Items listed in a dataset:
********
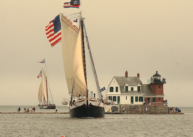 Historic schooners Victory Chimes and Stephen Taber at the Rockland Breakwater Light.
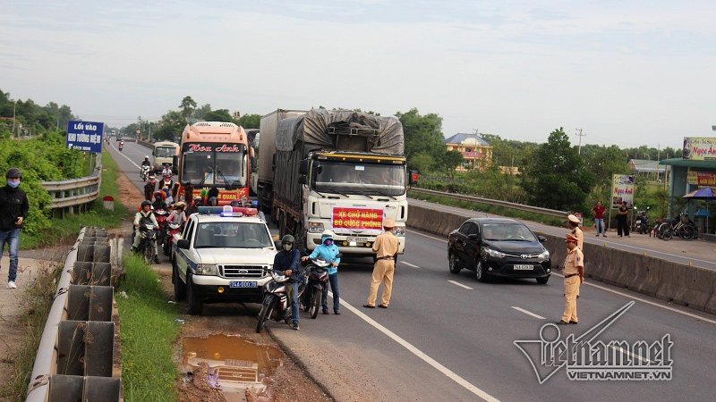 Từ sáng sớm, lực lượng CSGT đã có mặt để yêu cầu các phương tiện cơ giới trên QL1A tạm dừng để nhường đường cho xe tang
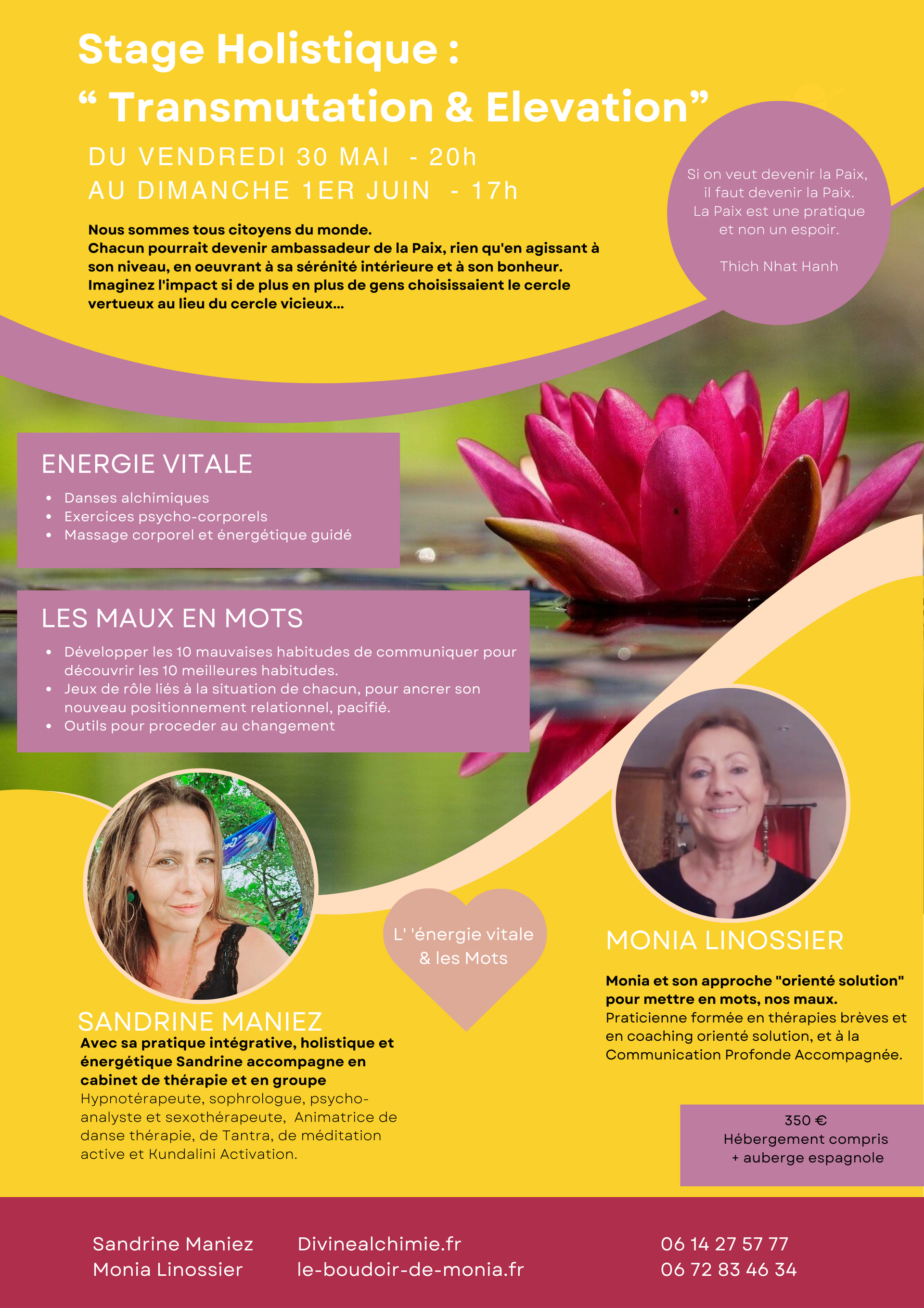 Sandrine Maniez et Monia Linossier s'engagent à vous guider tout au long de ce week-end
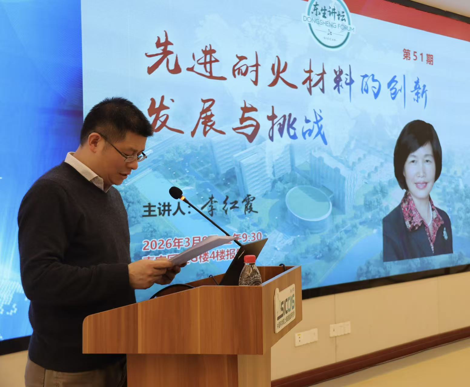 史迅代表上海硅酸盐所向李红霞院士表示热烈欢迎和诚挚感谢,并简要介绍了讲坛设立的相关背景和李红霞院士的科研领域。
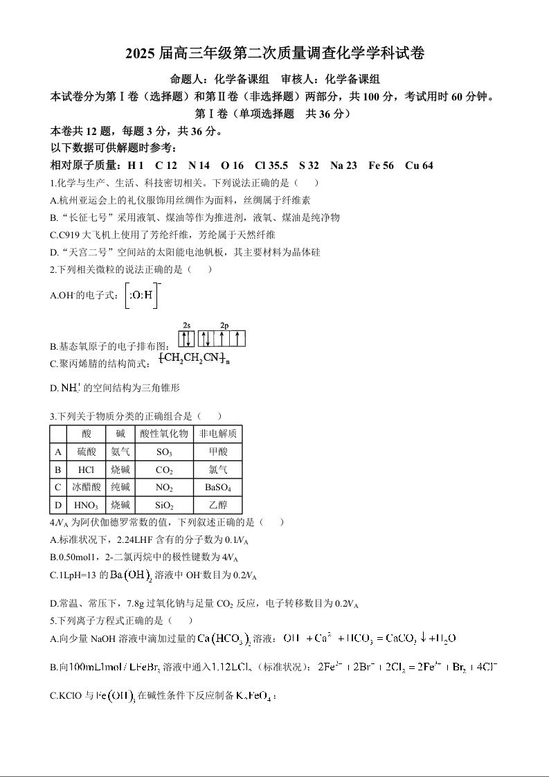 天津市实验中学2024-205学年高三上学期第二次月考 化学
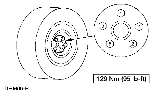 2. CAUTION: Failure to tighten the wheel nuts in a star pattern can result in high brake disc runout, which will speed up the development of brake roughness, shudder and vibration.
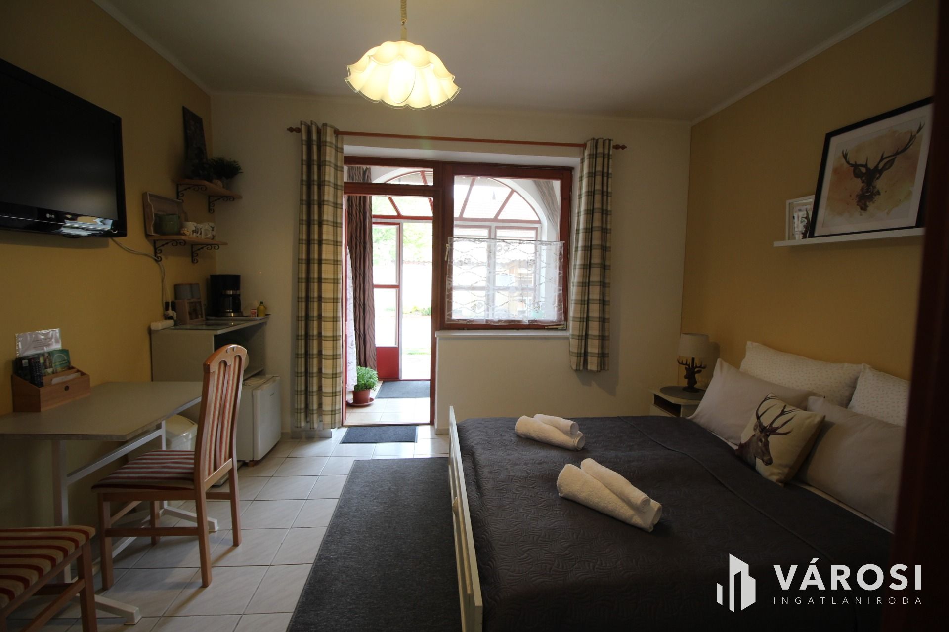 Ajánlom befektetők, vagy vállalkozni vágyóknak is mivel az 55 nm-es , 2 szobás első lakórész mellett, egy 132 nm-es apartmanház is található itt. Az utóbbiban 4 db , 1 szobás apartman található, szoba - fürdőszoba - előtér (melyekben egy-egy mini konyha igény szerint elhelyezhető) és terasz tartozik mindegyikhez. Ezen kívül van itt egy közös - minden vendég számára használható - konyha is.
********
### [WORK ITEM]
Pictures are to be left out; the lines from the start of the records above through the line holding "史迅代表上海硅酸盐所向李红霞" are to be returned exactly.

### [THE COMPLETED TASK]
 Historic schooners Victory Chimes and Stephen Taber at the Rockland Breakwater Light.
 Từ sáng sớm, lực lượng CSGT đã có mặt để yêu cầu các phương tiện cơ giới trên QL1A tạm dừng để nhường đường cho xe tang
 Sandrine Maniez et Monia Linossier s'engagent à vous guider tout au long de ce week-end
 史迅代表上海硅酸盐所向李红霞院士表示热烈欢迎和诚挚感谢,并简要介绍了讲坛设立的相关背景和李红霞院士的科研领域。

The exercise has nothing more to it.